Subito dopo il conflitto i comunisti instaurarono una federazione formata da sei repubbliche (Serbia, Croazia, Montenegro, Slovenia, Bosnia-Erzegovina e Macedonia) e due regioni autonome (Vojvodina e Kosovo) e vararono drastici provvedimenti economici tesi alla riforma agraria e alla nazionalizzazione dei mezzi di produzione. La nuova Jugoslavia inoltre si mostrava indipendente anche sul piano della politica estera. Ciò era intollerabile per Stalin e nel 1947 si arrivò alla rottura con l'Unione Sovietica.
A sua volta però Tito aveva delle mire sull'Albania: là i partigiani comunisti albanesi (con a capo Enver Hoxha) avevano liberato da soli il territorio contribuendo anche in maniera determinante alla liberazione del Kosovo. Dal Kosovo però i partigiani albanesi furono costretti dagli jugoslavi a sloggiare dato che questi ultimi erano intenzionati ad annettersi (come avrebbero fatto) la regione. Da qui ha origine la rottura di Hoxha (che si schiererà con Stalin) con Tito.

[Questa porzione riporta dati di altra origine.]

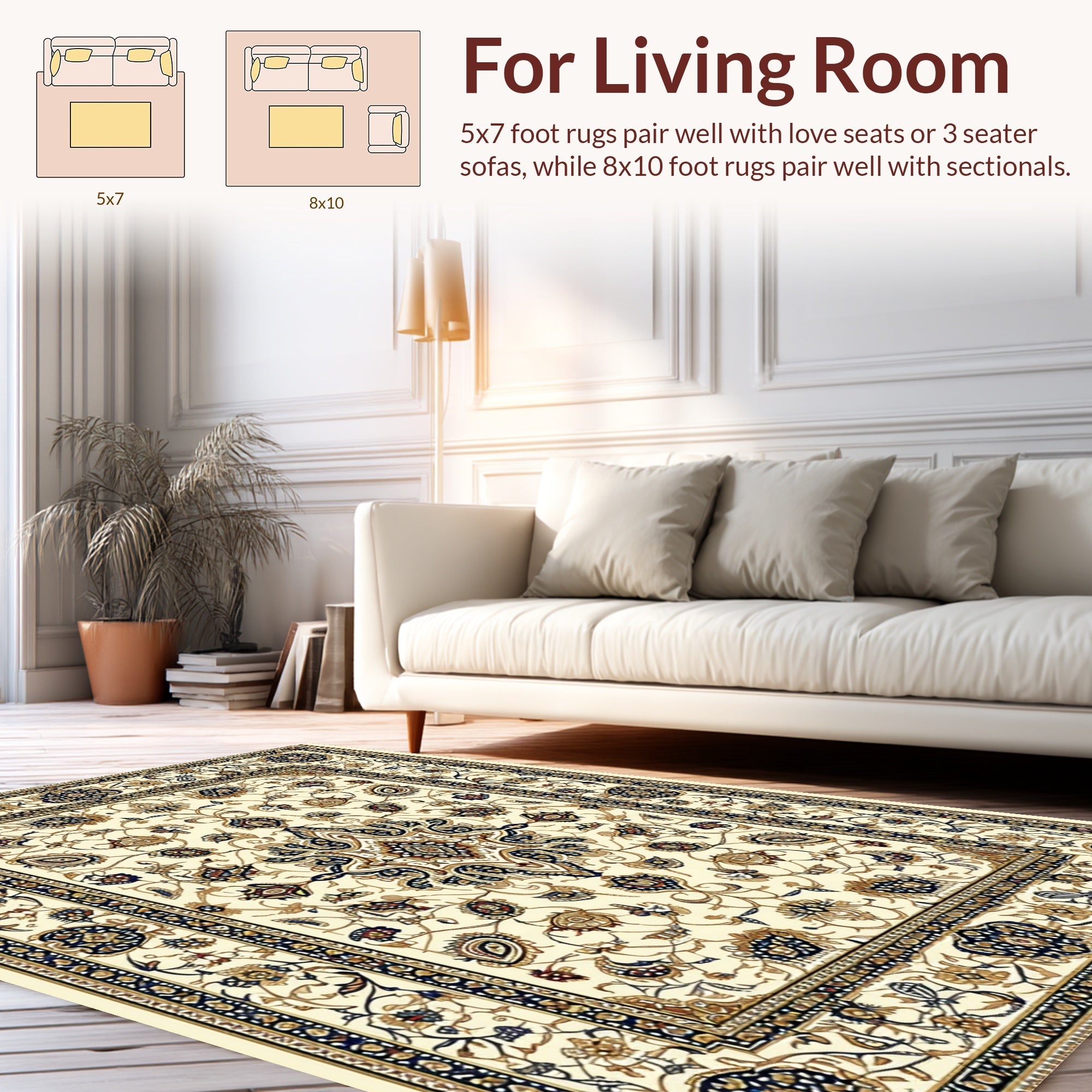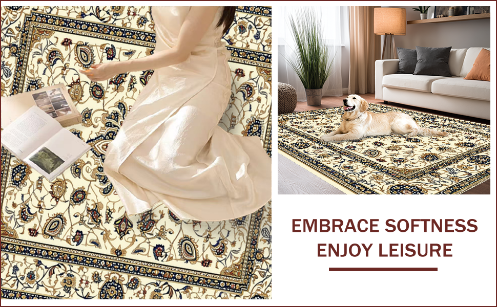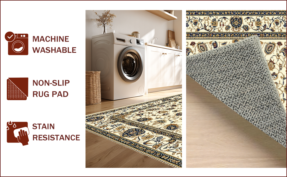 Ultra Soft Area Rug, Non Slip, Stain Resistant, Washable Area Rugs for Living Room, Bedroom, Beige Traditional Non-Slip Living Room Rug(Beige) Overview:

Il regime che si instaurò in Jugoslavia era monopartitico, anche se più liberale di quello sovietico. La liberalità non arrivava comunque a permettere la minima espressione di indipendenza da parte di sindacati, partiti, organizzazioni di varia natura. Dal punto di vista economico si distingueva dall'URSS per la cosiddetta autogestione. In realtà gli operai gestivano assai poco. Si trattava di un sistema che lasciava parecchia autonomia alle imprese (dirette comunque da una burocrazia). Formalmente tutte le repubbliche della Federazione (e le due regioni autonome all'interno della Repubblica Serba) contavano allo stesso modo, anche se in realtà c'era una prevalenza dell'elemento serbo, specie nell'esercito. Questo era costituito dall'Armata Federale coadiuvata da milizie (la Difesa Territoriale) che dipendevano dalle singole repubbliche. Nel 1980 moriva Tito e la presidenza da allora fu attribuita a rotazione tra le varie repubbliche.